Art. 6.De toepassing van de verschillende bepalingen voorzien in de voormelde artikelen 3 en 4 gelden evenwel volgende regelingen : a) het brugpensioen op 56 jaar zal toegestaan worden voorzover de werknemer een beroepsverleden als loontrekkende van 33 jaar, gelijkstellingsperiodes inbegrepen kan getuigen en op het einde van de overeenkomst 20 jaar ploegenarbeid met nachtarbeid kan bewijzen, zoals bepaald bij collectieve arbeidsovereenkomst nr.46 gesloten op 10 mei 1993 in de Nationale Arbeidsraad; b) voor de werknemer die met brugpensioen wenst te gaan op 56 jaar onder de voorwaarden bepaald onder a), wordt een aanvullende vergoeding toegekend tot de leeftijd van 65 jaar;c) de aanvullende vergoeding die wordt toegekend aan de bruggepensioneerde werknemer op 56 jaar is gelijk aan 156,17 EUR/maand. Dit bedrag is, individueel, ten minste gelijk aan de vergoeding voorzien door de collectieve arbeidsovereenkomst nr. 17, gesloten in de Nationale Arbeidsraad. Het is een brutobedrag, voor sociale en/of fiscale afhoudingen.

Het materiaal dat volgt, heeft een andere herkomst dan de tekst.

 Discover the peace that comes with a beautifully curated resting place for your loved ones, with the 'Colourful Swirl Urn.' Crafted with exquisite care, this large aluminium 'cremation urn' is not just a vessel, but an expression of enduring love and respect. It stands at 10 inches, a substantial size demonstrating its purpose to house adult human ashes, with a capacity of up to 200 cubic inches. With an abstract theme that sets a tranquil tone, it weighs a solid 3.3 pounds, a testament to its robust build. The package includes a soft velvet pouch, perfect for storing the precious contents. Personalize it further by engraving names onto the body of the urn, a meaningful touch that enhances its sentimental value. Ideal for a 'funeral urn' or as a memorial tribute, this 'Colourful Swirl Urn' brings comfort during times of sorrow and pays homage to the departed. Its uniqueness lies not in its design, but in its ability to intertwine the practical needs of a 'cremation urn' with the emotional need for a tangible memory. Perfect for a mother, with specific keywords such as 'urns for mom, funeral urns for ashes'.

Een jaarlijkse vergoeding van 49,58 EUR netto is ook toegekend.
Het bedrag van de aanvullende vergoeding wordt gekoppeld aan de evolutie van het indexcijfer van de consumptieprijzen, volgens de toepassingsmodaliteiten inzake de werkloosheidsuitkeringen, zoals is bepaald door de collectieve arbeidsovereenkomst nr. 17, gesloten in de Nationale Arbeidsraad.

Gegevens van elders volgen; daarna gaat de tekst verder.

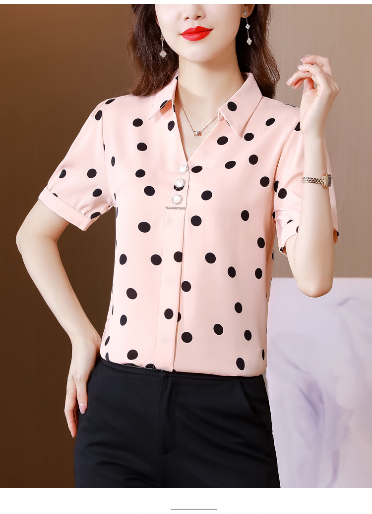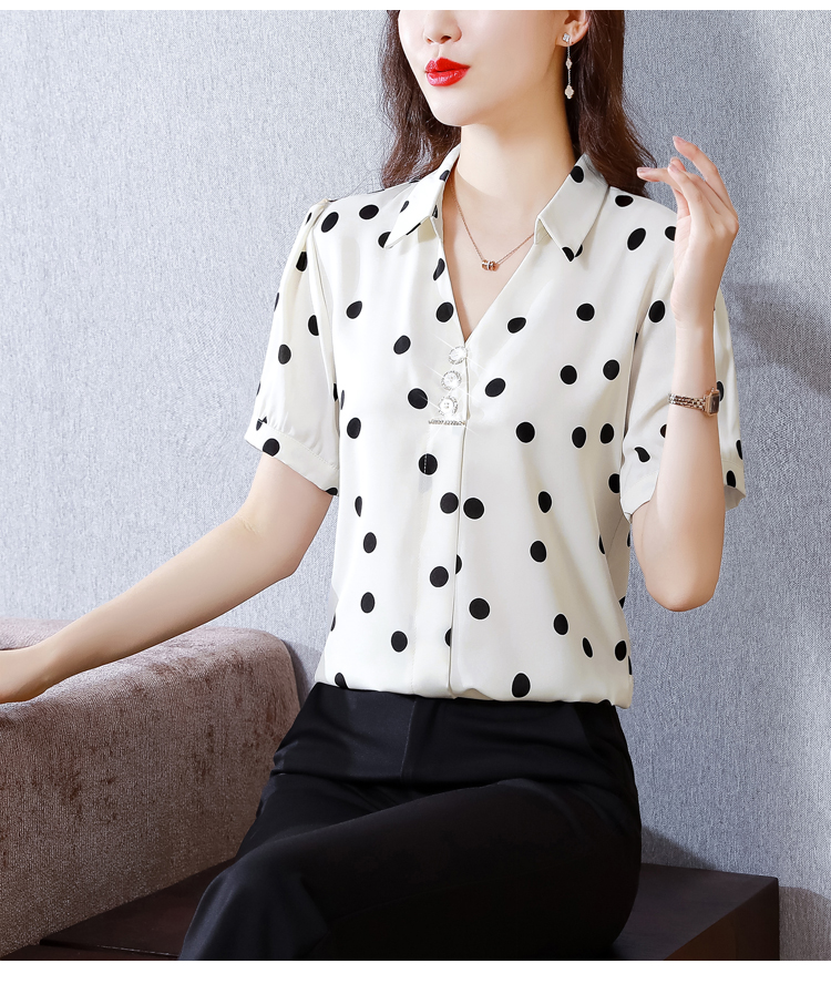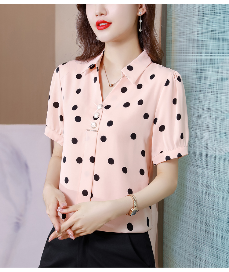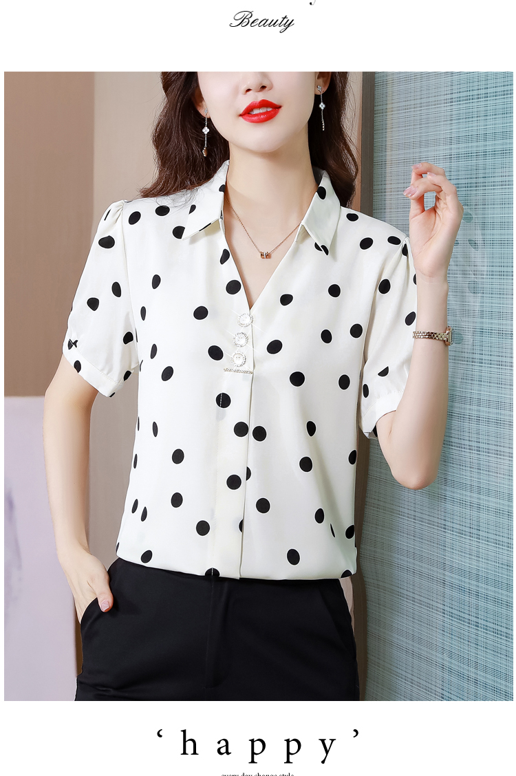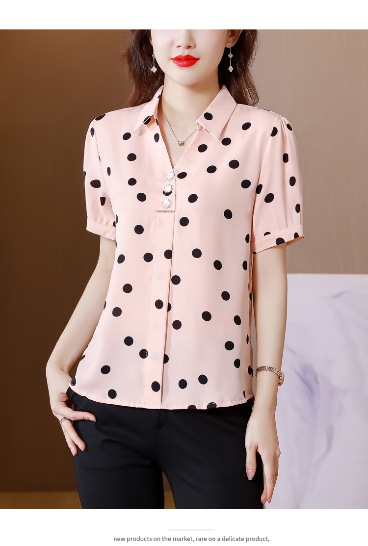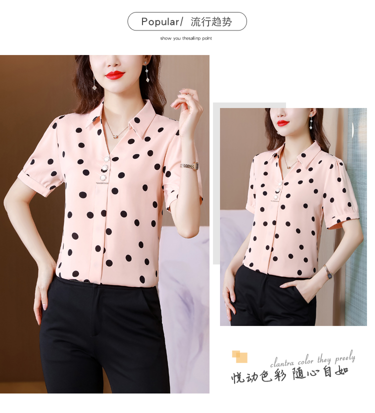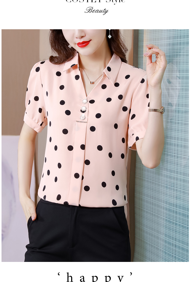 RY3682# 实拍2026春夏季新款衬衫短袖波点印花百搭气质上衣女

Het bedrag van 156,17 EUR stemt overeen met het indexcijfer dat van kracht is op 1 januari 1995.
De personen die tussen 1 januari 2001 en 1 mei 2001 in brugpensioen zullen treden, hebben recht op de premie van 121,47 EUR en van 92,96 EUR voorzien in de artikelen 53 en 54 van de collectieve arbeidsovereenkomst van 7 juni 2001 betreffende de arbeidsvoorwaarden. d) Er zal automatisch aanvaarding zijn van de aanvragen tot vertrek op brugpensioen voor de werknemers die beantwoorden aan de vereiste voorwaarden. De aanvragen tot vertrek op brugpensioen moeten worden bevestigd zes maanden voor de datum van vertrek, om het de ondernemingen mogelijk te maken de arbeidsorganisatie eventueel aan te passen.
De controle zal worden uitgevoerd door de instanties van het paritair subcomité eind december 2001 en eind december 2002. HOOFDSTUK III. - Overgangsmaatregel
Art. 7.De artikelen of onderdelen ervan die in de eerste rij en de eerste en vierde kolom van de volgende rij(en) van onderstaande tabel worden vermeld, hebben betrekking op deze collectieve arbeidsovereenkomst.
Voor de bedragen die in euro worden vermeld in de tweede kolom van de tabel gelden vanaf de dag van inwerkingtreding van deze collectieve arbeidsovereenkomst tot 31 december 2001 de bedragen die in Belgisch frank worden vermeld in de derde kolom.
Voor de raadpleging van de tabel, zie beeld HOOFDSTUK IV. - Geldigheid
Art. 8.Deze collectieve arbeidsovereenkomst heeft uitwerking met ingang van 11 januari 2001 en treedt buiten werking op 30 juni 2003.
Gezien om te worden gevoegd bij het koninklijk besluit van 16 februari 2006.